Work task:
Could you transcribe exactly the lines from the one containing "Funda de Cuero" through the last line of the records below, leaving out the pictures?

Material to process:
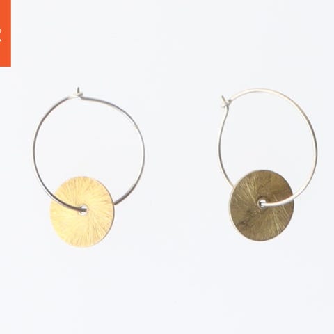 To par runde øreringe. Det første par er tynde metaløreringe med en diameter på 50 mm. Det andet par er bredere og har et sort og guld mønster. Begge sæt har lukninger, der sikrer, at de forbliver på plads, når de bæres.
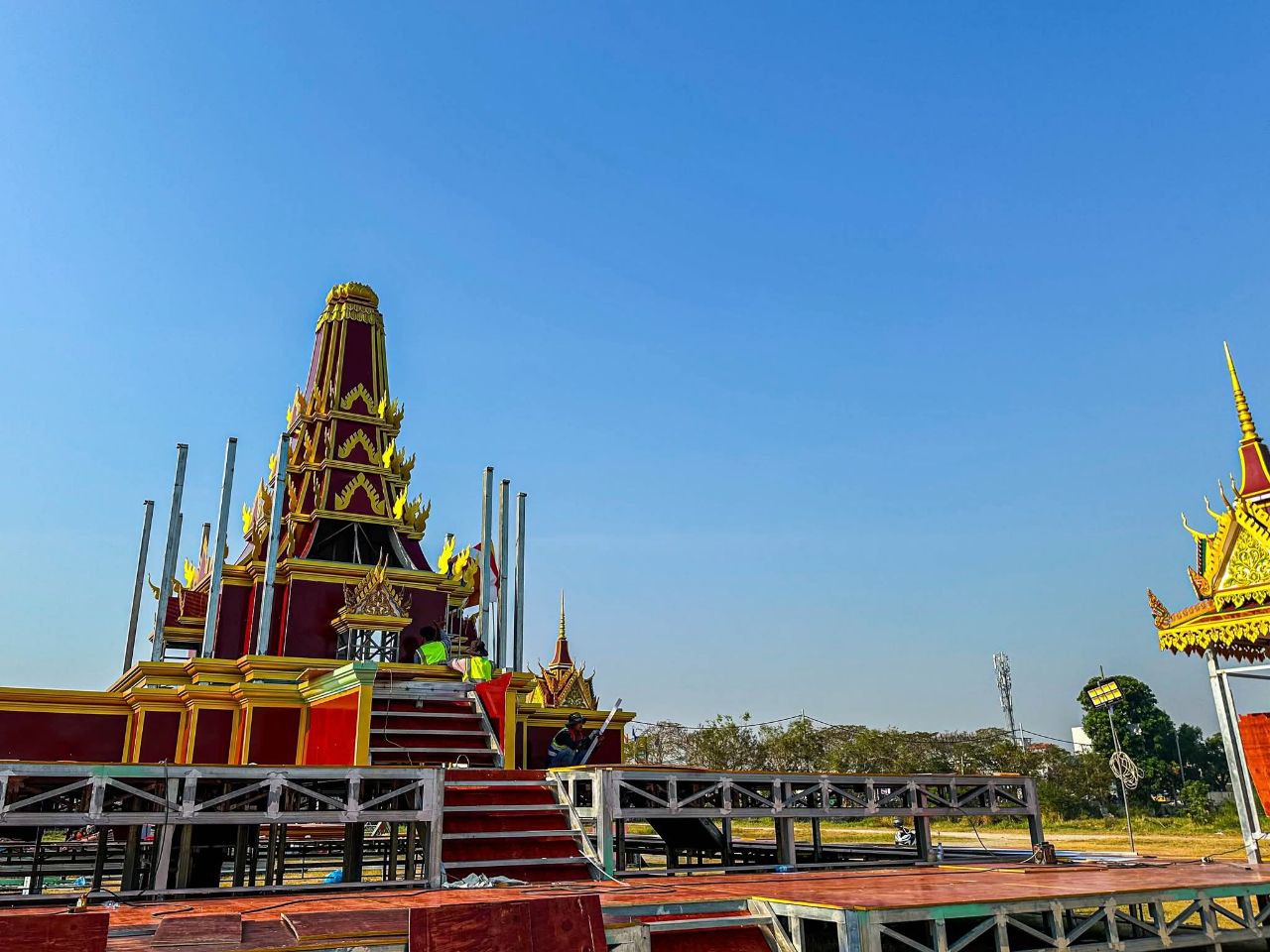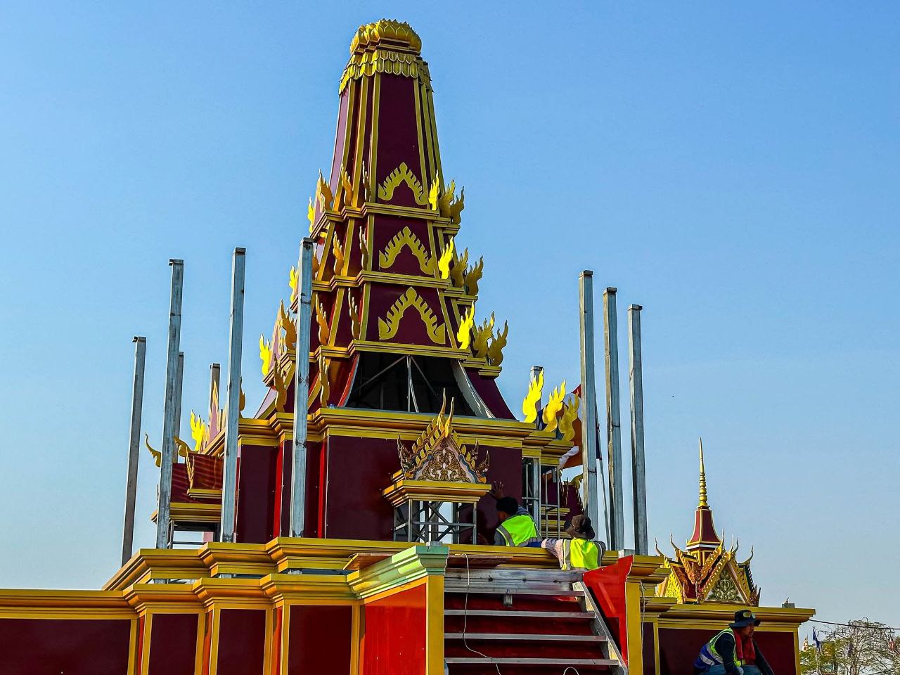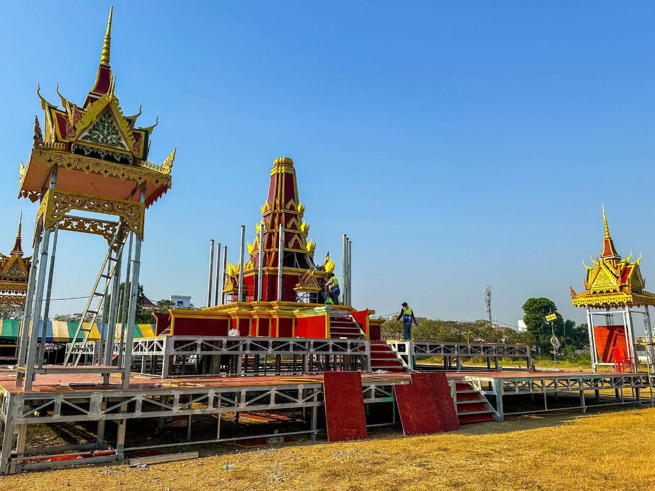 (បាត់ដំបង)៖ ក្រុមការងារខេត្តបាត់ដំបង រៀបចំសាងសង់វាលព្រះមេរុដែលនឹងត្រូវបូជាព្រះសព ព្រះឥន្ទមុនី អ៊ុក មុត ព្រះរាជាគណៈថ្នាក់ចត្វា ព្រះសង្ឃកិច្ចកោស ល្យព្រះមេគណខេត្ត ព្រះឧបជ្ឈាយ៍ខេត្ត និងជាព្រះនាយកពុទ្ធិកវិទ្យាល័យ អ៊ឹង ធួង ខេត្តបាត់ដំបងដែល បានទទួលអនិច្ចកម្ម កាលពីថ្ងៃសៅរ៍ ៥រោច ខែអាសាឍ ឆ្នាំម្សាញ់ សប្តស័ក ព.ស.២៥៦៩ ត្រូវនឹងថ្ងៃទី១៩ ខែកក្កដា ឆ្នាំ២០២៥ វេលាម៉ោង១៩៖០០នាទី ក្នុងព្រះជន្មាយុ៨៨ព្រះវស្សា ដោយព្រះជរាពាធ នៅឯវត្តពោធិ៍វាល សង្កាត់រតនៈ ក្រុងបាត់ដំបង ខេត្តបាត់ដំបង។
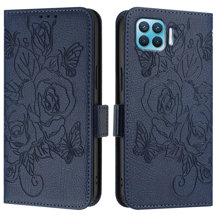 Funda de Cuero Antirrobo Rfid con Relieve En Rosa para Oppo Reno4 Lite/Reno4 F (Azul Oscuro)
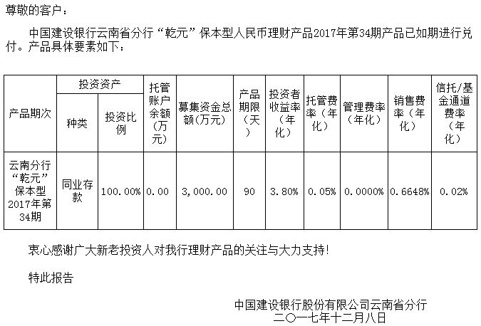 中国建设银行云南省分行“乾元”保本型人民币理财产品清算报告
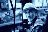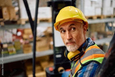 Senior worker operating forklift in reverse while loading cargo in warehouse.
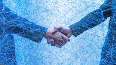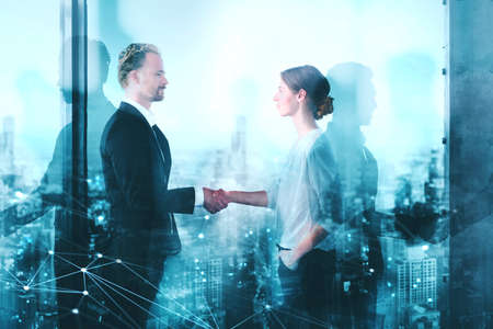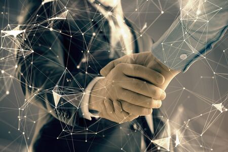 Handshake of two businessperson in office with network effect. concept of partnership and teamwork
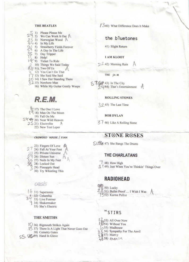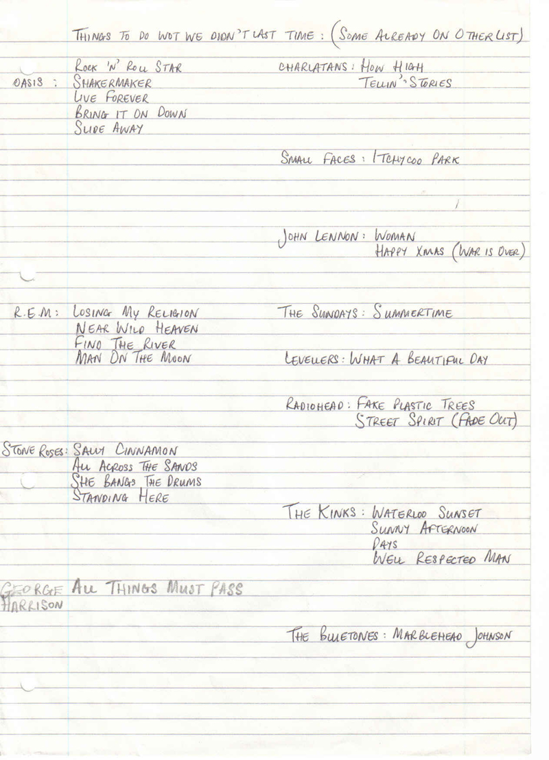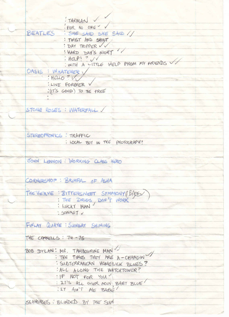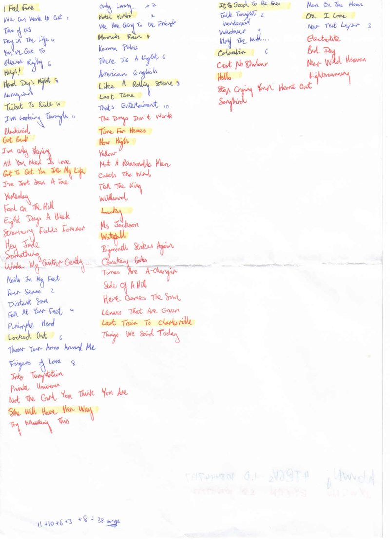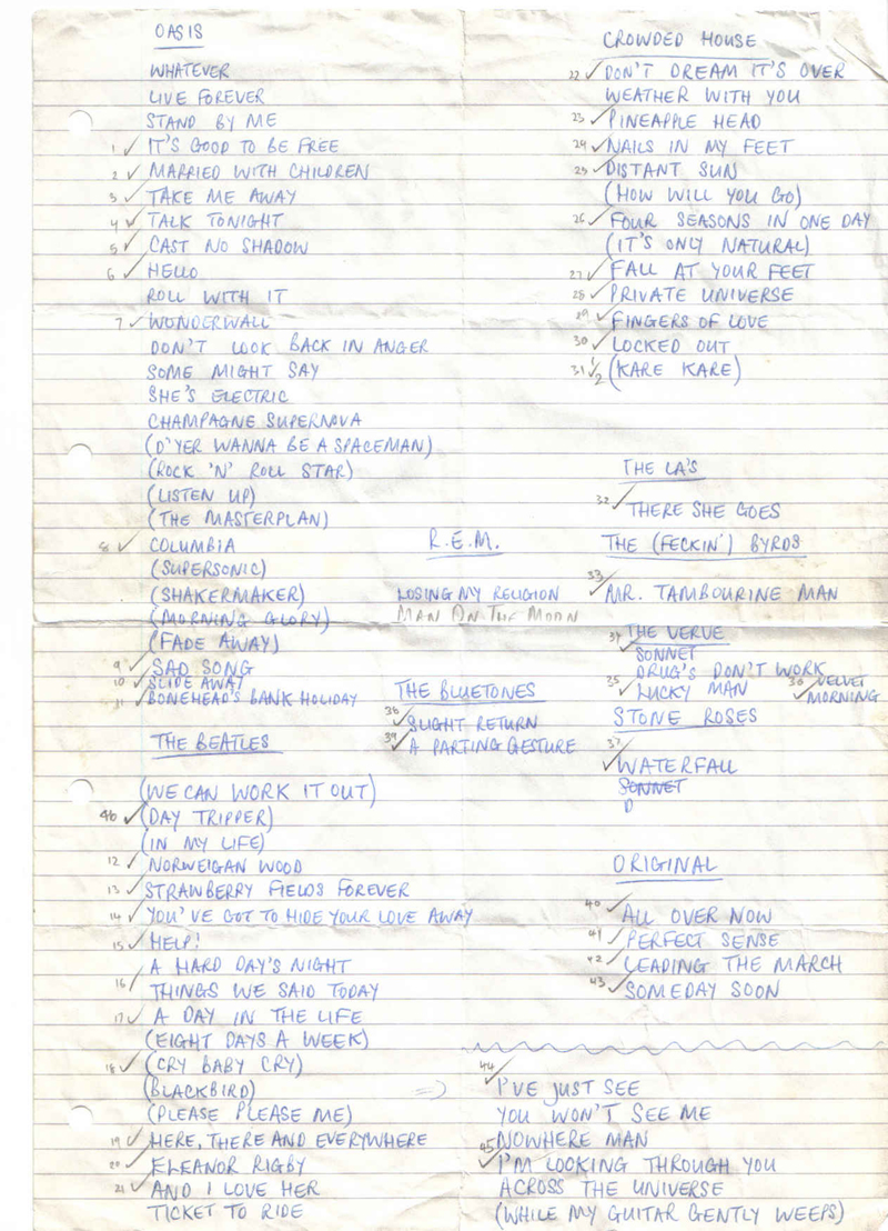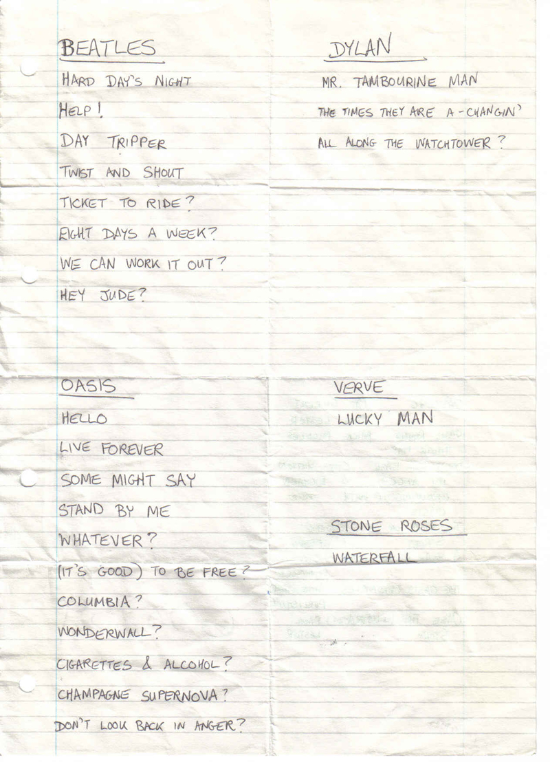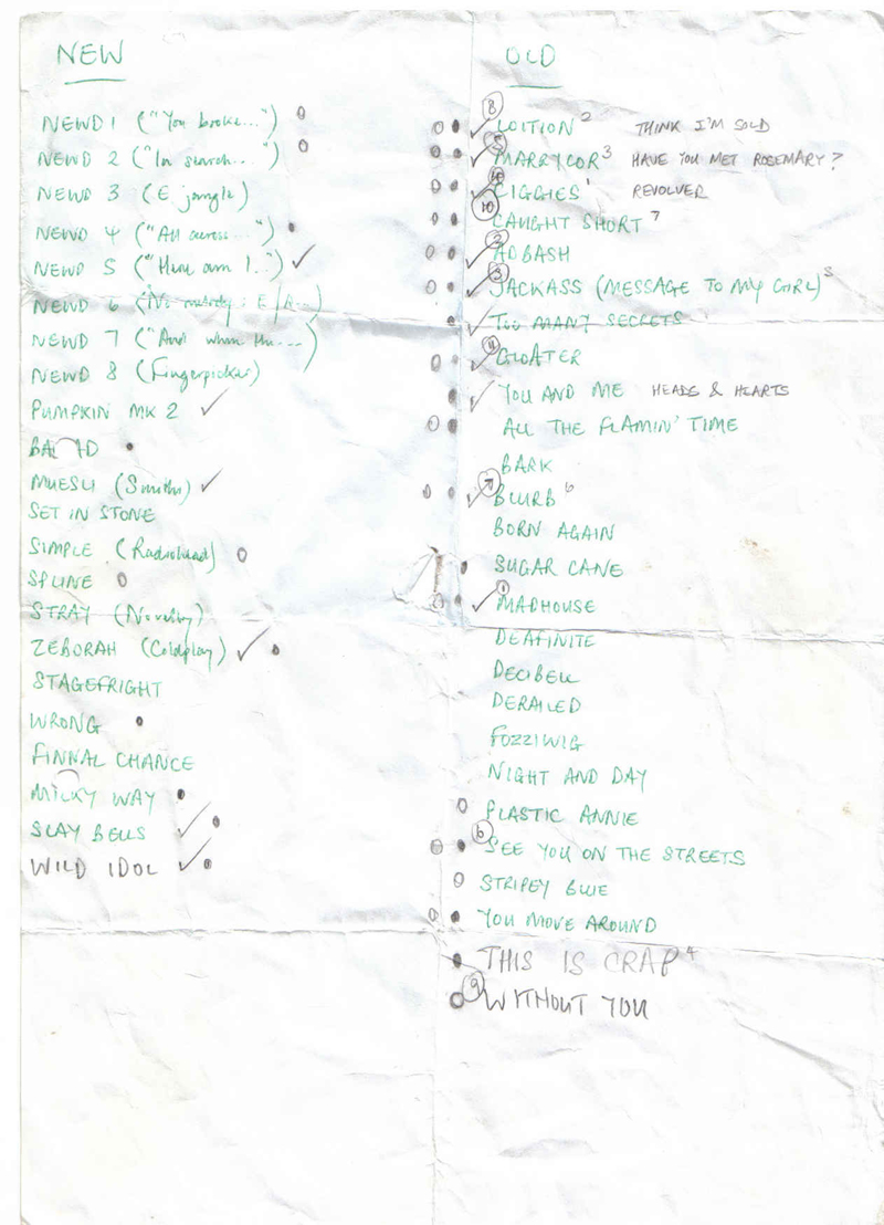![]() The Abbey Road sessions - exclusive set list Note the puncture mark in the centre - caused when one of the band smashed the setlist through a cymbal support in frustration. |

Written response:
 Funda de Cuero Antirrobo Rfid con Relieve En Rosa para Oppo Reno4 Lite/Reno4 F (Azul Oscuro)
 中国建设银行云南省分行“乾元”保本型人民币理财产品清算报告
 Senior worker operating forklift in reverse while loading cargo in warehouse.
 Handshake of two businessperson in office with network effect. concept of partnership and teamwork
![]() The Abbey Road sessions - exclusive set list Note the puncture mark in the centre - caused when one of the band smashed the setlist through a cymbal support in frustration. |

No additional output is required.